The project, which included a survey of 100 women whose partners participated in a DVPP,  also revealed certain successes of such programmes. For example, it showed that just over half of the women who responded to the survey reported feeling “very safe” after the programme, compared with less than one in 10 before it (51 percent compared with 8 percent). But of course, this still means these programmes left almost half of the women surveyed living in fear.

Some victims prefer the DVPP route to criminal prosecution because they do not want their abusive partner, or the father of their children, in prison. They merely want them to change and meet their household and parenting responsibilities. But it is difficult to see how attending short, weekly group sessions for just six months can undo a lifetime of patriarchal conditioning underpinning the violent, abusive and coercive actions of men who abuse their partners and children. As research shows, DVPPs are in no way a golden ticket to ending male violence.

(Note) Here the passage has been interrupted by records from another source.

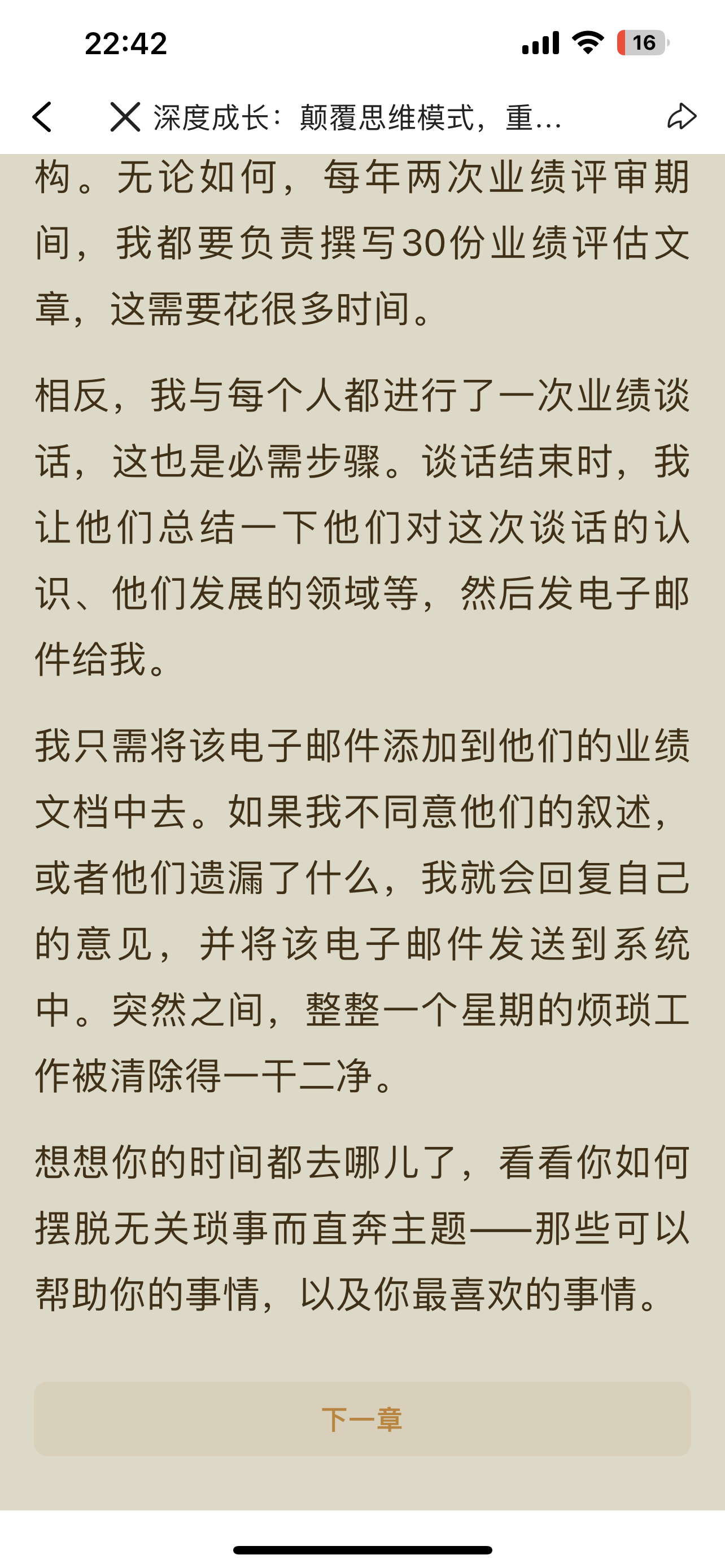 第二轮第六天 今日摘抄: 想想你的时间都去哪儿了,看看你如何摆脱无关琐事而直奔主题——那些可以帮助你的事情,以及你最喜欢的事情。 向内看,停下脚步问自己“时间都去哪儿了”,从忙碌的惯性中抽离,找回生活的主动权,这是改变的开始。 我们不是在某一天突然活成自己喜欢的样子,而是在每一天,通过选择把时间花在哪里,而慢慢塑造了自己。 时间是我们唯一公平拥有的东西。把时间花在刀刃上,花在能让你成长、让你快乐的事情上,这不仅是对时间的尊重,更是对自己生命的深情款待。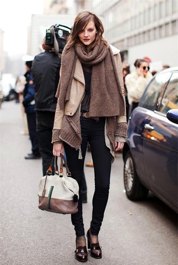 | Tăng độ ấm áp bằng những chiếc khăn len dày cộm nhưng không kém phần phong cách. |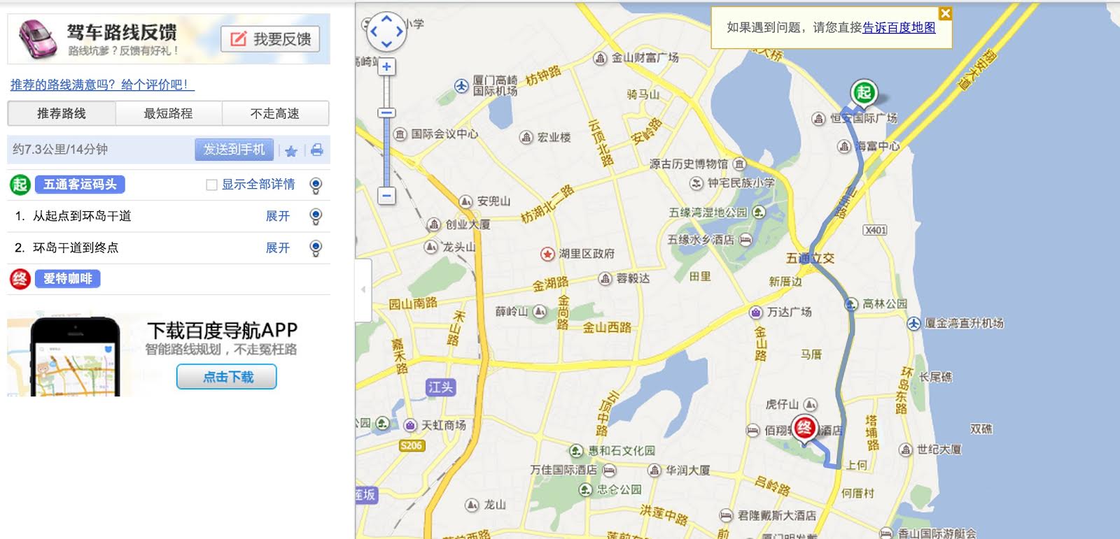 由五通碼頭至愛特咖啡約7公里路程,耗時20分鐘左右。

Only prosecutions and sanctions can deter violent men and truly protect victims. Authorities in the UK, however, are failing women who survive male violence. Rates of reporting domestic abuse to the police are increasing but only a third of these reports are ending in an arrest. Meanwhile, the number of referrals from the police to the prosecution services for charging are declining. Public bodies are increasingly passing on the responsibility of dealing with domestic violence and preventing future abuse to DVPPs to the detriment of victims.

DVPPs may have certain uses and advantages, but only if they come hand in hand with effective prosecutions and criminal sanctions. If authorities are serious about addressing male violence, they should stop handing get-out-of-jail-free cards to perpetrators only because it is convenient.

The views expressed in this article are the author’s own and do not necessarily reflect Al Jazeera’s editorial stance.